LLM Router Pipeline for Open WebUI
An intelligent prompt classification and routing pipeline for Open WebUI. Classifies user prompts using AI (qwen2.5:7b) and routes them to specialized Ollama models, with integrated Brave web search, image generation via Stable Diffusion, and full Finnish/English bilingual support.
Features
- AI-powered prompt classification with keyword-based fallback
- Model routing — coding, diagram, reasoning, vision, image generation, and general categories
- Brave web search with full page content fetching (top 3 results scraped)

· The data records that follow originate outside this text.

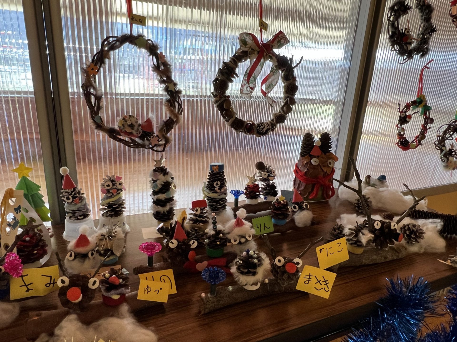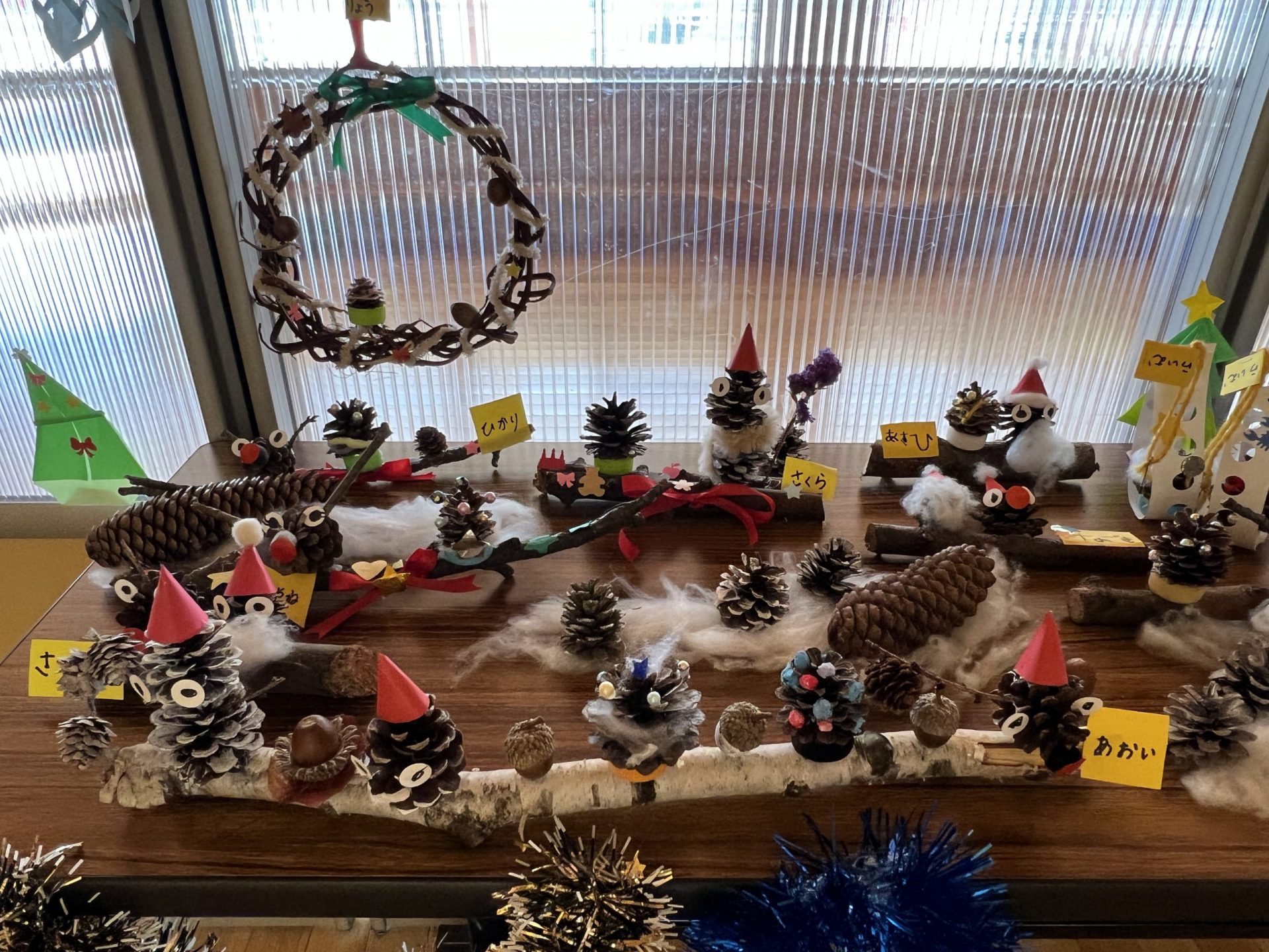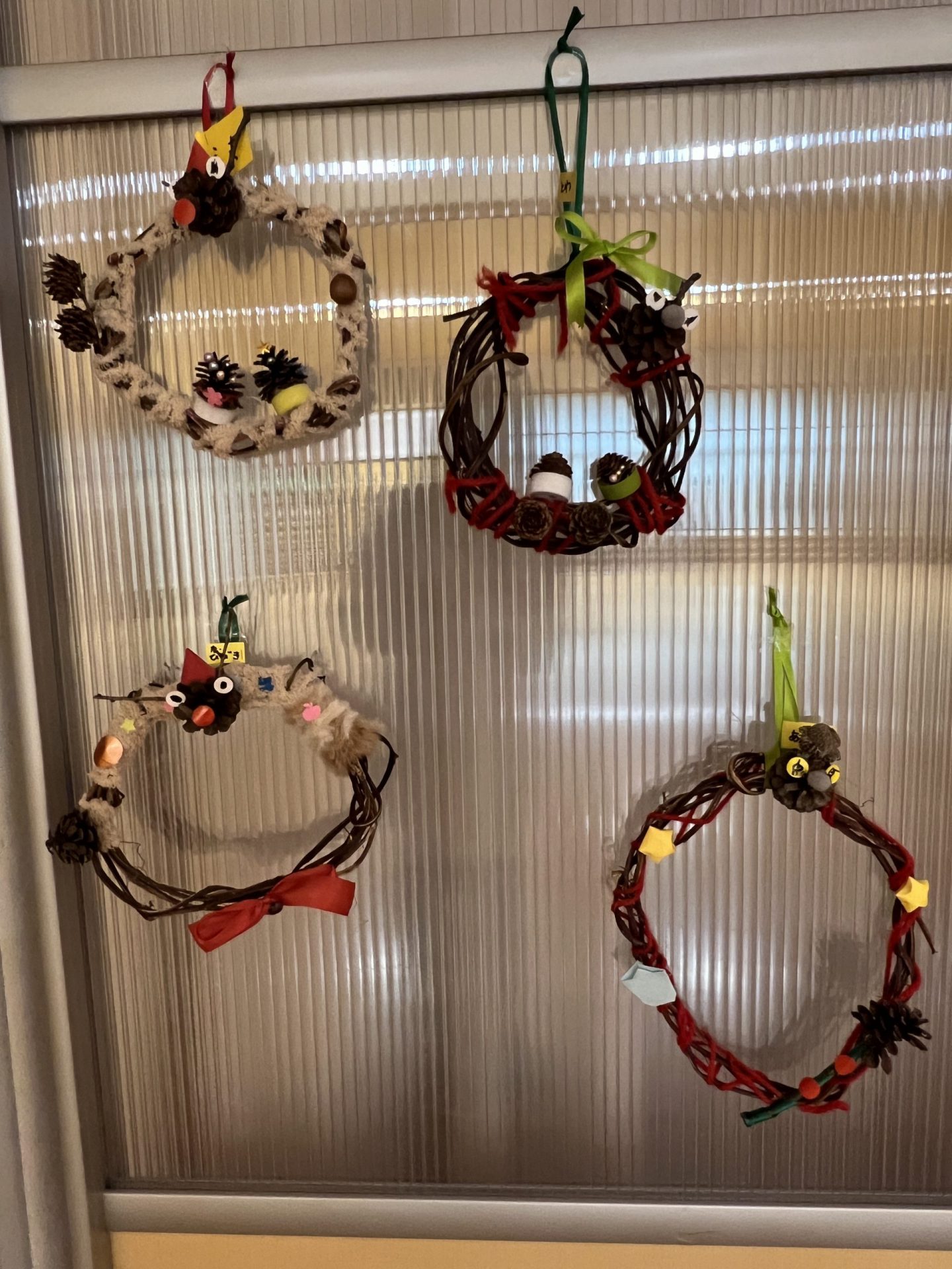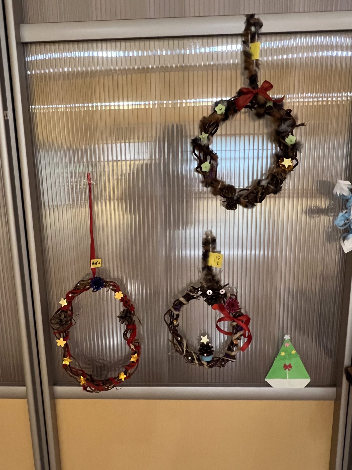 秋に子ども達と作った、さつまいものツルのリースが大変身!!自然物や廃材を使って、ステキなクリスマス☆の飾りになりました!!
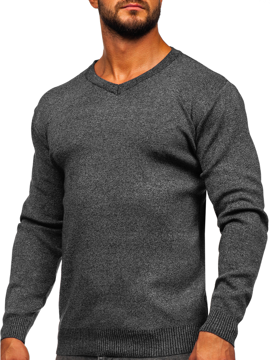 A felhasználók véleménye V-nyakú basic férfi pulóver antracitszürke színben Bolf S8530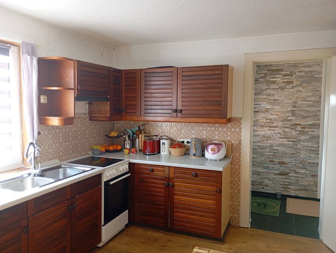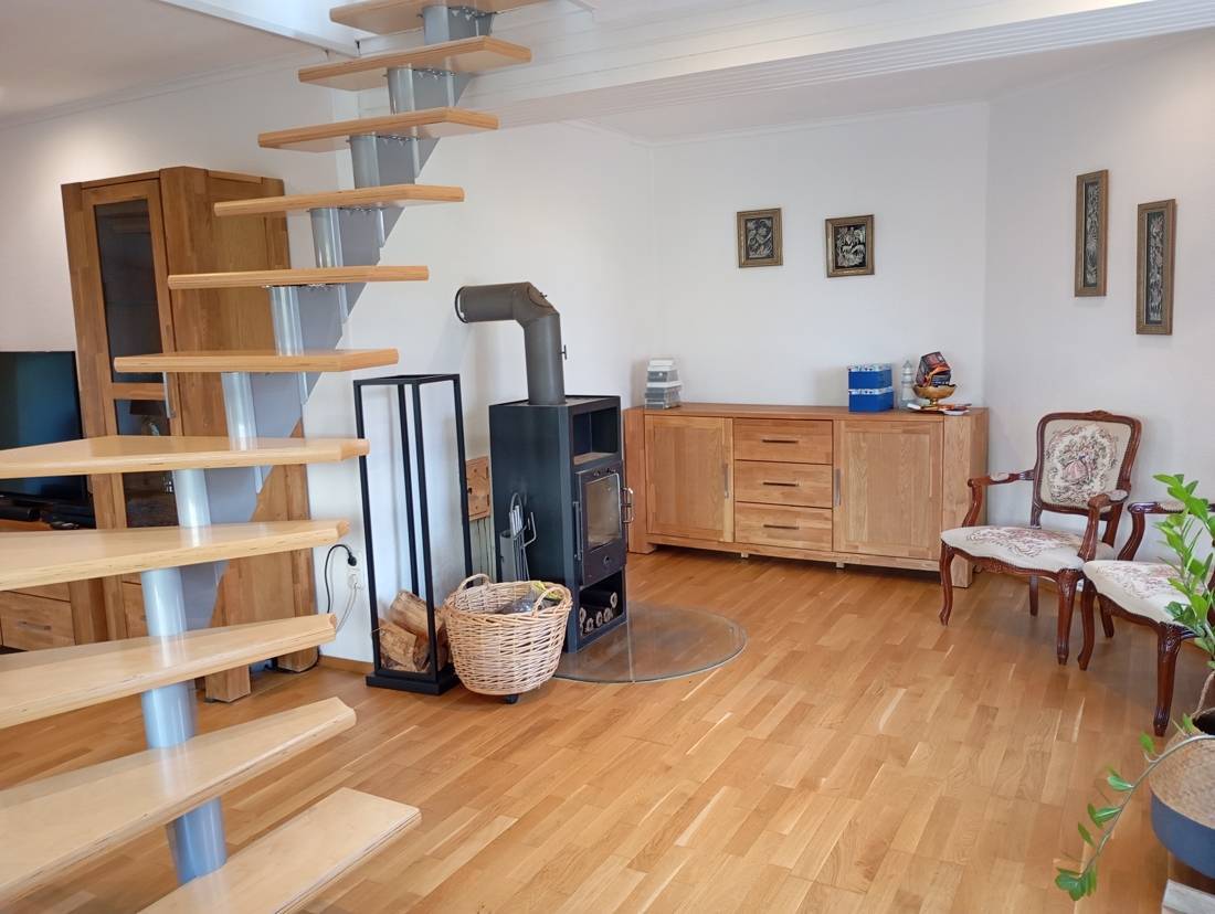 Die Einbauküche ist darauf ausgelegt, den kulinarischen Ansprüchen der Bewohner gerecht zu werden. Zudem lädt eine großzügige Terrasse dazu ein, entspannende Stunden im Freien zu genießen und Gäste zu bewirten.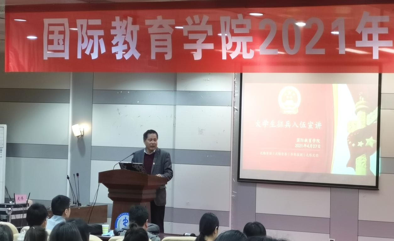 4月27日晚,我院2021年秋季征兵入伍宣讲会在学校第二报告厅举行,校党委学生工作部副部长、武装部副部长石玉平,国防教育科副科长晋海超及相关负责老师出席会议,学院团委全体辅导员和200余名在校学生参会。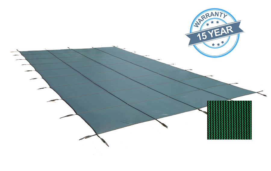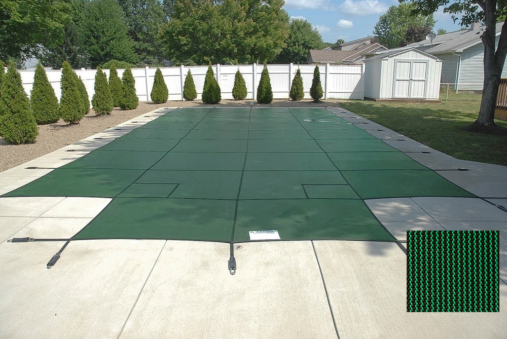 PoolTux CSPTGME16320 Royal Mesh 16x32 (Pool Size) Rectangular Safety Cover; Green. Tightly woven mesh gives your pool affordable protection with uncompromised quality. Dirt and debris are kept out but allows water; rain and melted snow to drain through making for an easy spring opening. 5' x 5' strap grid. All flush mount collars and anchors are non-corrosive and easy to adjust. Cover comes complete with flush mount brass anchors; commercial grade stainless steel springs; installation rod; tamping tool; and storage bag. 15 year limited warranty; 3 full. (Cover Size: 18' x 34')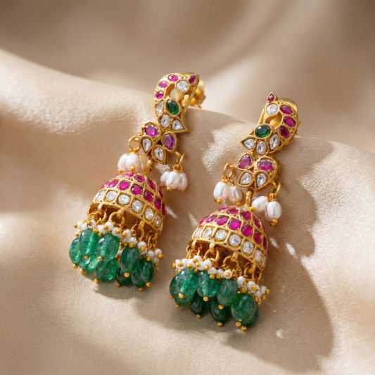 Peacock ruby emerald kundan jhumkas

- Heuristic search overrides — safety net that forces search for time-sensitive or factual questions
- Image generation via AUTOMATIC1111/Forge (Stable Diffusion XL) with LLM-refined prompts
- Uncensored image generation — prefix any prompt with
uncento bypass all classification/search and generate directly with Juggernaut XL v9 - VRAM management — automatically juggles GPU memory between Ollama and Stable Diffusion
- Bilingual — detects Finnish and forces responses in the correct language
- Thinking/reasoning display — streams model thinking tokens in collapsible blocks
- Real-time search status — shows which URLs are being fetched as search runs
Model Routing
| Category | Model (120B) | Model (20B) | Trigger |
|---|---|---|---|
| coding | qwen2.5-coder:14b | qwen2.5-coder:14b | User asks to write/fix/debug code |
| diagram | qwen2.5-coder:14b | qwen2.5-coder:14b | Mermaid, flowchart, UML requests |
| reasoning (FI) | gpt-oss:120b | gpt-oss:20b | Analysis, comparison, strategy (Finnish) |
| reasoning (EN) | gpt-oss:120b | gpt-oss:20b | Analysis, comparison, strategy (English) |
| image generation | gpt-oss:120b + SDXL | gpt-oss:20b + SDXL | "generate an image", "luo kuva" |
| uncensored image | dolphin-mistral:7b + Juggernaut XL v9 | dolphin-mistral:7b + Juggernaut XL v9 | Prompt starts with uncen |
| vision | llama3.2-vision:11b | llama3.2-vision:11b | User uploads an image |
| general | gpt-oss:120b | gpt-oss:20b | Everything else |
Two pipeline variants are provided:
llm_router_v3.py— uses gpt-oss:120b (higher quality, more VRAM/RAM)llm_router-20b.py— uses gpt-oss:20b (lighter, better for constrained hardware)
Prerequisites
- Ubuntu 22.04 LTS (tested)
- NVIDIA GPU with 16GB+ VRAM (tested on RTX 2000 Ada)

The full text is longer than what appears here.